Setting down the bottles and glasses and arranging things just so, gave her something to do, something to distract herself from the way he looked at her.

His voice was velvet soft when he said, "Why don't you just explain what all this is? I've always suspected that muggle studies was full of shite."

They spent a while on that, with her allowing him to push buttons and swipe the screen of her cell phone. His curiosity was endearing. In the end, he was laughing at her as she demonstrated the Hoover, dancing around with her ear buds in as she swept the machine across the floors.

Katie fell onto the sofa next to him, flushed and slightly drunk, and pulled the earphones out. He was smiling broadly, and reached for the bottle of wine on the table. It was almost empty, and he poured the last few drops into her glass with a flourish.

She giggled, actually giggled, something she didn't remember doing in years. "You know, Flint, I don't think I've had this much fun in years."

"Marcus," he said.

"Hmm?"

"Marcus, you should call me Marcus. We're not just old school chums, are we? So, Marcus."

"Alright, Marcus," the name felt funny in her mouth, "are you hungry?"

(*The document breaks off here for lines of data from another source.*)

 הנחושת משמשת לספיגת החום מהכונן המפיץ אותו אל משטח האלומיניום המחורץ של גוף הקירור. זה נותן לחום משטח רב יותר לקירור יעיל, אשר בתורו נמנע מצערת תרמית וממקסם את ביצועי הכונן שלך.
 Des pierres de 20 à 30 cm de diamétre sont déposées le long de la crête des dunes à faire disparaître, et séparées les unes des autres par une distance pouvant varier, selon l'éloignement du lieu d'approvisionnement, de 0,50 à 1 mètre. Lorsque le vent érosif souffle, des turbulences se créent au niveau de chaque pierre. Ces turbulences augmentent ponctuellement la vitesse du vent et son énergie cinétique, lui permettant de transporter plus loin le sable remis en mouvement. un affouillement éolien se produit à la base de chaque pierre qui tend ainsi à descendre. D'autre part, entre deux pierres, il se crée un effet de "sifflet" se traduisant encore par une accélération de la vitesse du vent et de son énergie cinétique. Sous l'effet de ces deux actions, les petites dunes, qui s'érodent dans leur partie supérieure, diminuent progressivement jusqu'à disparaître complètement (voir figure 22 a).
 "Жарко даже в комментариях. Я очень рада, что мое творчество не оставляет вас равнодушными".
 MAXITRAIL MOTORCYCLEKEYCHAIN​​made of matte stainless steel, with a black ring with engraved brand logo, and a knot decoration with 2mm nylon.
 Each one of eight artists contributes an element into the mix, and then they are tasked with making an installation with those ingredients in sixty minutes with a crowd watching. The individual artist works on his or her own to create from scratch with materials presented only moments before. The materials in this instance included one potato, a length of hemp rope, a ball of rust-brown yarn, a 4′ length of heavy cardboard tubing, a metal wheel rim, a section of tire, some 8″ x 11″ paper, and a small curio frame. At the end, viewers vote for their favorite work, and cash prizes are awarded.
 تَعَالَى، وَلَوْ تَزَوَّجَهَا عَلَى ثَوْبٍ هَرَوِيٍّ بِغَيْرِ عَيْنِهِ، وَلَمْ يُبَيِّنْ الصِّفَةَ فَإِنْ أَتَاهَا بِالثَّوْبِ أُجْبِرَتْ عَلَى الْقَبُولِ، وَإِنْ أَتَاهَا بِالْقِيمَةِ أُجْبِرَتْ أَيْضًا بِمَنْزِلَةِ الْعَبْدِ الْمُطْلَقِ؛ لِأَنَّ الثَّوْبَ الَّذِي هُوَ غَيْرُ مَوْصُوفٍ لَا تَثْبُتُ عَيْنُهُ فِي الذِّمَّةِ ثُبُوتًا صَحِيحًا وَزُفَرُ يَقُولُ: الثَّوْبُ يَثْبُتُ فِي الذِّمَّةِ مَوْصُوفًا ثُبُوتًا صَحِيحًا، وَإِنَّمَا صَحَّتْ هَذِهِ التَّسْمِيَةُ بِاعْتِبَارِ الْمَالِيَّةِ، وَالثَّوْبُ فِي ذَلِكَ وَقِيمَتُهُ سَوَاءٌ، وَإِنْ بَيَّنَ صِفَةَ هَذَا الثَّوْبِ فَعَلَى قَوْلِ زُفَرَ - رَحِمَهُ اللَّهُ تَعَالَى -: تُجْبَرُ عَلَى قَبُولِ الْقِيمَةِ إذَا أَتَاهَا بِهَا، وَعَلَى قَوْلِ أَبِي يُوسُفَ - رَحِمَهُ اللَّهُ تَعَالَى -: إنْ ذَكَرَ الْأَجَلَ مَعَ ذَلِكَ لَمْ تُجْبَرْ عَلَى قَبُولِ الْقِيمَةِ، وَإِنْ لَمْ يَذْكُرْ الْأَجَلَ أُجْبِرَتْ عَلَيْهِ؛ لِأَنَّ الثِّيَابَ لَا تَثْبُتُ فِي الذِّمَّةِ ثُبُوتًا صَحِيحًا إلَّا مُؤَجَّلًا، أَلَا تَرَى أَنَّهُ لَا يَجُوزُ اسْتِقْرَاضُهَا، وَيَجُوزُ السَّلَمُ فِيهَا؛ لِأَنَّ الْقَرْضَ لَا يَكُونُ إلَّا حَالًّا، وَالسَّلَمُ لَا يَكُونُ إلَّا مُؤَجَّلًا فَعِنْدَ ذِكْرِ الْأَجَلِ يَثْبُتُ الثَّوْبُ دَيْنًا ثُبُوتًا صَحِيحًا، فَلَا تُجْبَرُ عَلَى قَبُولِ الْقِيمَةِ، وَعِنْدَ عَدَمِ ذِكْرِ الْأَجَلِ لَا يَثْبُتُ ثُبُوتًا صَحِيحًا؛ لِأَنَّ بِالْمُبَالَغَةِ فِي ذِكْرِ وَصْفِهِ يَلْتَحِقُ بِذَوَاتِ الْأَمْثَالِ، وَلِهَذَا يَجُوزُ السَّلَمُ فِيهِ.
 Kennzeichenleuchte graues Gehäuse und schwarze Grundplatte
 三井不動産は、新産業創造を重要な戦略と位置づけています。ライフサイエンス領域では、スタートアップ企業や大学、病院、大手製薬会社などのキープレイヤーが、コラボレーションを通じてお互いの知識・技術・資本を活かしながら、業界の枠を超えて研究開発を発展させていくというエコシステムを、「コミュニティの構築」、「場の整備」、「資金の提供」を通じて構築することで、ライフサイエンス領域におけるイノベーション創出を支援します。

"I'm a professional quidditch player, Katie, I'm pretty much always hungry. Are you offering to cook for me?"

She snorted, "No. I'm offering to order a pizza, if that sounds acceptable?"

"Order a pizza?"

"For science, or whatever. To show you that muggles are quite brilliant for all their limitations."

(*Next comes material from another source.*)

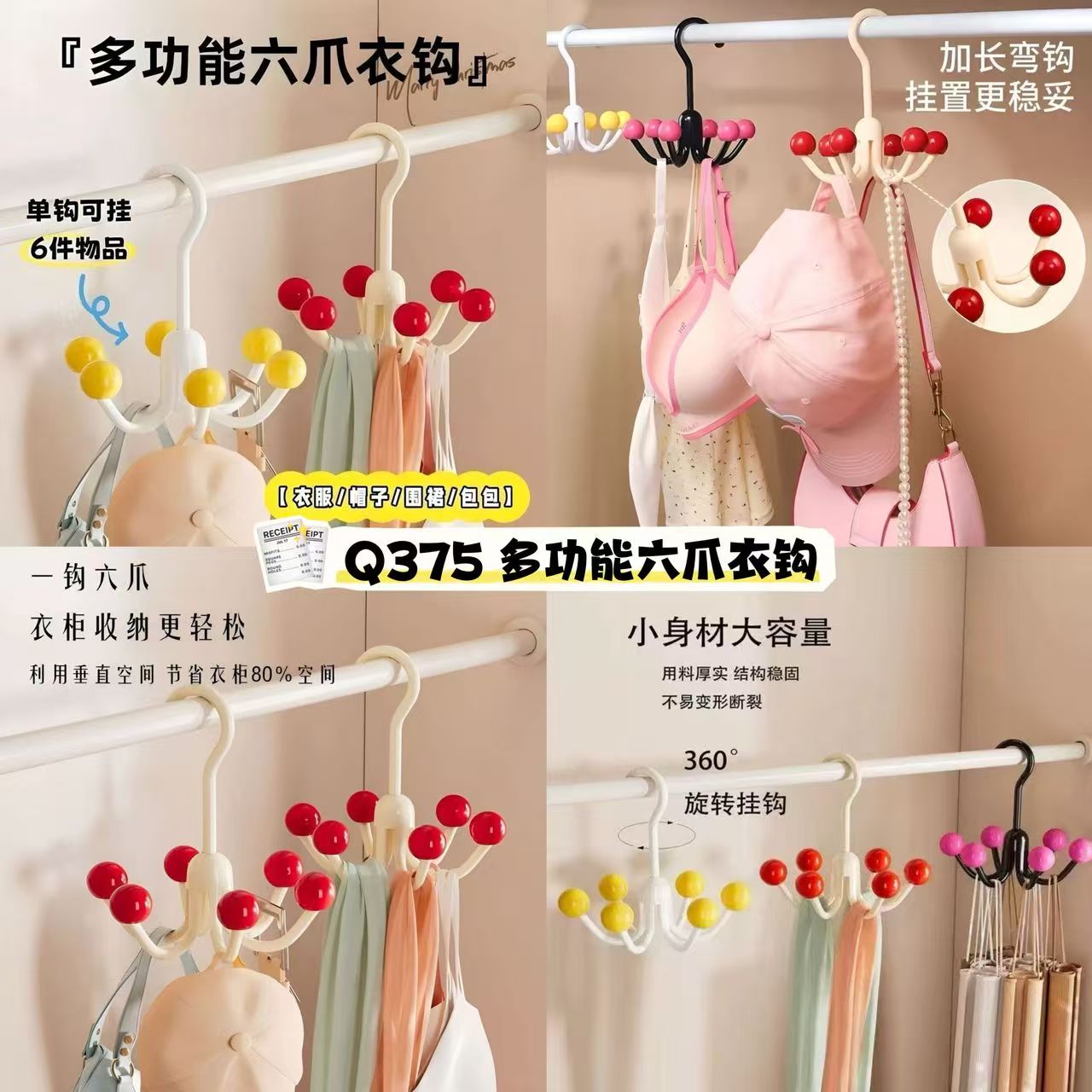 360度自由旋转,六爪设计空间翻倍,让你的厨房、浴室、衣柜瞬间整齐有序!
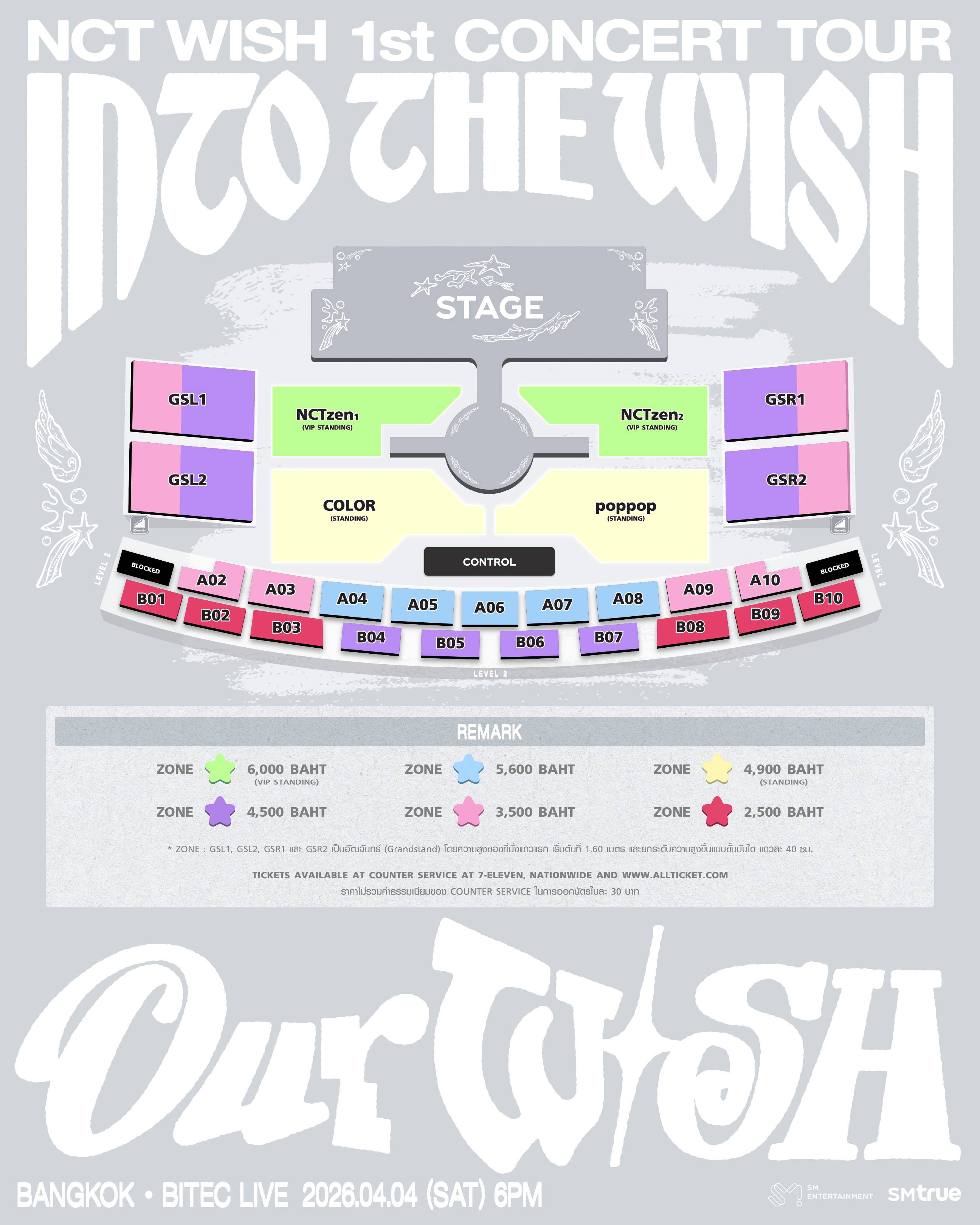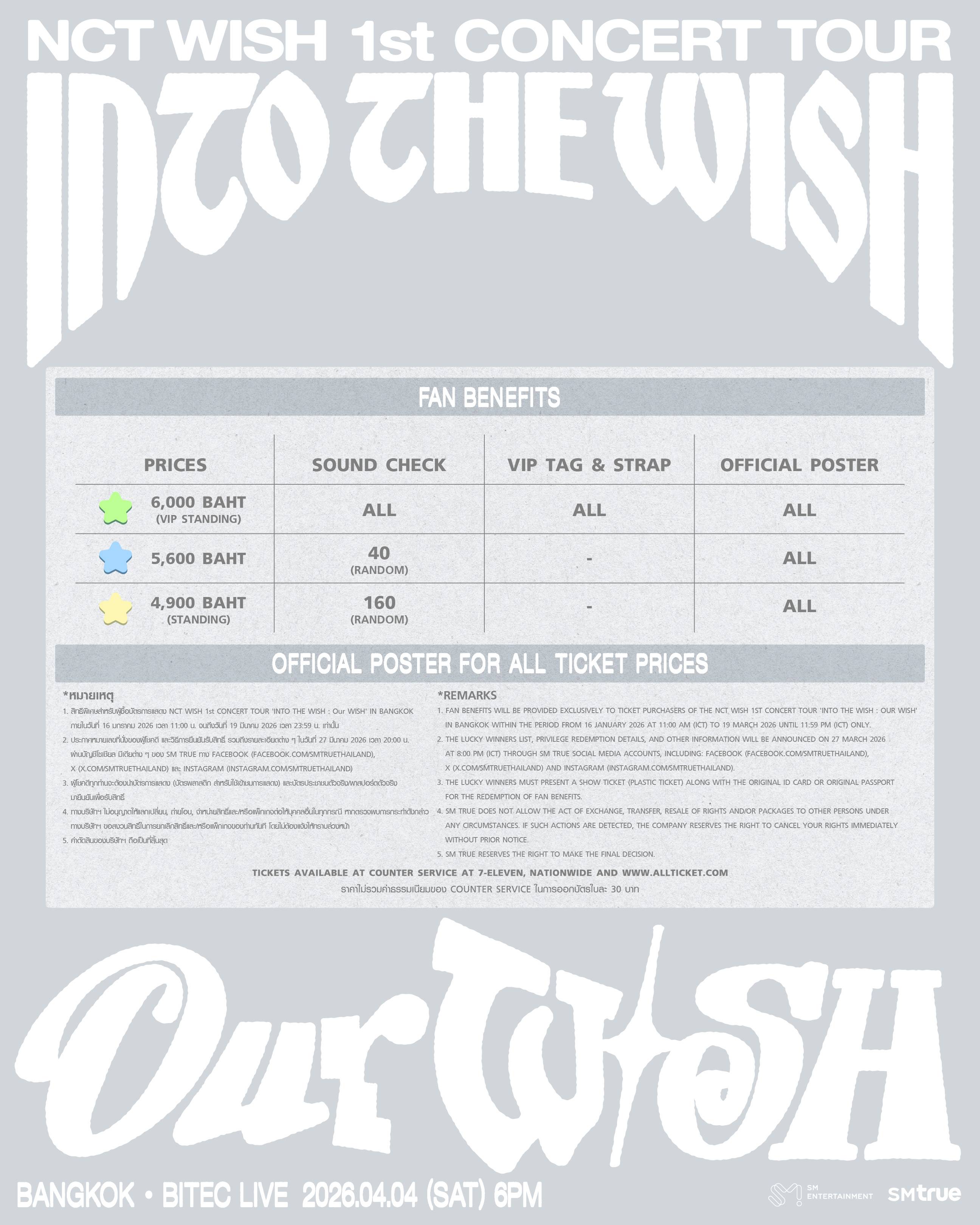 เตรียมตัวให้พร้อม แล้วมาร่วมออกเดินทางไปกับ NCT WISH (เอ็นซีที วิช) เพื่อเติมเต็ม “Our WISH” ให้กลายเป็นความจริงไปด้วยกันใน NCT WISH 1st CONCERT TOUR ‘INTO THE WISH : Our WISH’ IN BANGKOK เปิดจำหน่ายบัตรรอบสมาชิก “NCTzen WISH” Membership (GL) Pre-Sale ในวันศุกร์ที่ 16 มกราคม 2026 เวลา 11:00 น. – 20:59 น. เท่านั้น และรอบบุคคลทั่วไป (General Sale) ในวันอาทิตย์ที่ 18 มกราคม 2026 ตั้งแต่เวลา 11:00 น. เป็นต้นไป ทางเคาน์เตอร์เซอร์วิสในร้าน 7-Eleven ทุกสาขาทั่วประเทศ และทางเว็บไซต์ www.allticket.com/event/NCTWISH_OurWISH_BANGKOK บัตรราคา 6,000 (VIP PACKAGE บัตรยืน) / 5,600 / 4,900 (บัตรยืน) / 4,500 / 3,500 / 2,500 บาท ติดตามข่าวสารและรายละเอียดเพิ่มเติมได้ทางบัญชีโซเชียลมีเดียต่าง ๆ ของ SM True : Facebook (เฟซบุ๊ก) facebook.com/smtruethailand, Instagram (อินสตาแกรม) instagram.com/smtruethailand, X (เอ็กซ์) x.com/SMTrueThailand และ TikTok (ติ๊กต๊อก) tiktok.com/@smtruethailand สอบถามข้อมูลเพิ่มเติมเกี่ยวกับการซื้อบัตรได้ทาง Counter Service : อีเมล support@allticket.com และไลน์ออฟฟิเชียล @counterservice

"Alright, that sounds interesting, if nothing else."

Katie picked up her cell phone, while Marcus watched carefully, and scrolled through her contacts until she reached the right one. She placed the order, for two large, after looking at her guest, and settled back to wait.

"It'll be here in about an hour. It usually takes less time, but they are busy tonight," she said.

"What can we do for an hour? I wonder," Marcus said, eyes hooded and predatory.

"But, you said we're friends," Katie murmured, because she might not have been the most experienced at this, but even she could recognize the look in his face.

A laugh rumbled in his chest, and a sly smile stole across his lips, "No. I said we're not just school chums anymore. Besides, being friends doesn't necessarily mean that we can't..."

He leaned forward, towards her, and she leaned back, away from him.

"Is this why you keep coming around?" she asked, when he was in her space, his face almost touching hers.

"If you're asking if I fancy you, the answer is yes, but if you're asking if I just want a shag, the answer is no."

He sounded so sincere, so calm and certain, she was charmed despite herself.

"It's just a kiss, Katie."

She forced herself to relax, to allow the moment to happen. And it was nice. His lips were firm and warm, his breath smelled pleasantly of the wine they'd shared, and he didn't try to cage her face with his hands. She relaxed, and his tongue swept the seam of her lips.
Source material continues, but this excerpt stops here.